> WORK TASK:
The whole listing is to be given again without alteration, except that its pictures are dropped.

> GIVEN INFORMATION:
++++++++

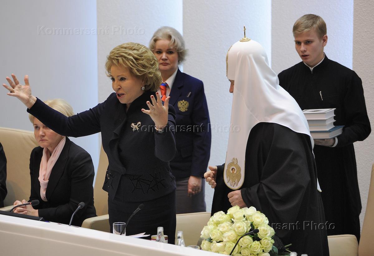Первое заседание Рождественских парламентских встреч на тему: "Исторический опыт и современные тенденции развития партнерских взаимоотношений церкви, власти и общества. Семья как основа национальной безопасности государства". Председатель Совета Федерации России Валентина Матвиенко (слева) и Патриарха Московского и Всея Руси Кирилл (справа) во время заседания в Совете Федерации России.
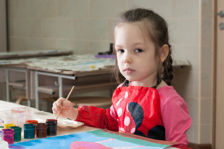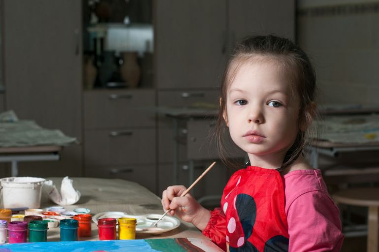 ФотоСнимала Алису на рисовании для учебы с разным светом.
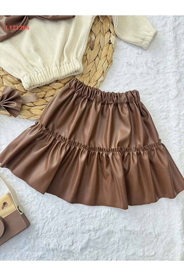 طقم فتيات وأطفال صغار من أكيف - تنورة جلدية مع بادي وف علام كاب إلى الجانب

++++++++

> EXERCISE RESULT:
Первое заседание Рождественских парламентских встреч на тему: "Исторический опыт и современные тенденции развития партнерских взаимоотношений церкви, власти и общества. Семья как основа национальной безопасности государства". Председатель Совета Федерации России Валентина Матвиенко (слева) и Патриарха Московского и Всея Руси Кирилл (справа) во время заседания в Совете Федерации России.
 ФотоСнимала Алису на рисовании для учебы с разным светом.
 طقم فتيات وأطفال صغار من أكيف - تنورة جلدية مع بادي وف علام كاب إلى الجانب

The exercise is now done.